Tullis leads therapy sessions and workshops through interactive exercises that help people recognize how everything we do is based on what we’ve learned and developed on a subconscious level, including the unhealthy eating habits that lead to weight gain.

“You want to lose weight, but you want to know why it’s so hard? You’ve learned it,” Tullis said. “You need to unlearn what you’ve taught your mind and body, and what people also need to learn is to stop beating themselves up. They need to stop saying, ‘I’m so fat. I’m so ugly.’ That makes them feel depressed and stressed.

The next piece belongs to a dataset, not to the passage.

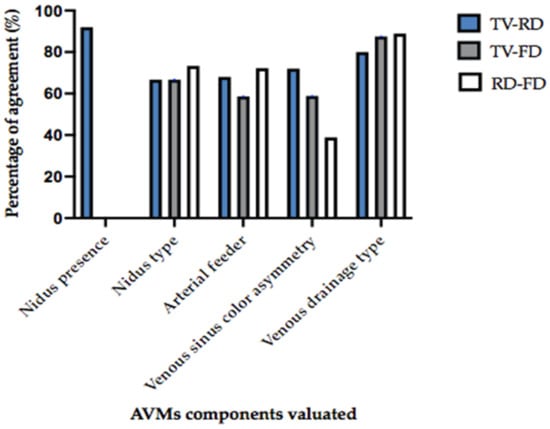 Histogram of the percentage of agreement (Y-axis) in evaluating the different AVM components (X-axis) between different operators. The “nidus presence” has been evaluated between the expert neuroradiologist and non-expert neuroradiologist (“TV”, ”RD”) only. All the other components have been evaluated by the two neuroradiologists and the angiographer (FD). The highest percentage of agreement (from 80% to 88,9% in percentage, and Cohen’s K from 0.56 to 0.75) was found in evaluation of the venous drainage type between all three operators.

“We think food does control us and we say, ‘I can’t say no,’ but you can. It doesn’t matter what the compulsion is. It could be shopping, television watching, compulsive anything, if you break the pattern of compulsive behavior, then you can still go shopping or eat cake once in a while. You just don’t need it all the time because you tell yourself you don’t really need it.”

At the Elliot, she hosts an eight-week program of hour-and-a-half sessions called “Food for the Soul: A Workshop for Emotional Eaters.” The course costs $150; the next program will kick off Sept. 20.

“I want people to realize that they need to be aware of how they are feeling before they eat,” Tullis said. “I want them to be aware and to learn a simple stress-relief method, and to use the power of words to realize that their words become actions.

“Watch how you talk to yourself; watch what you say, because if you think you can, or you think you can’t, you’re right. Words have power.”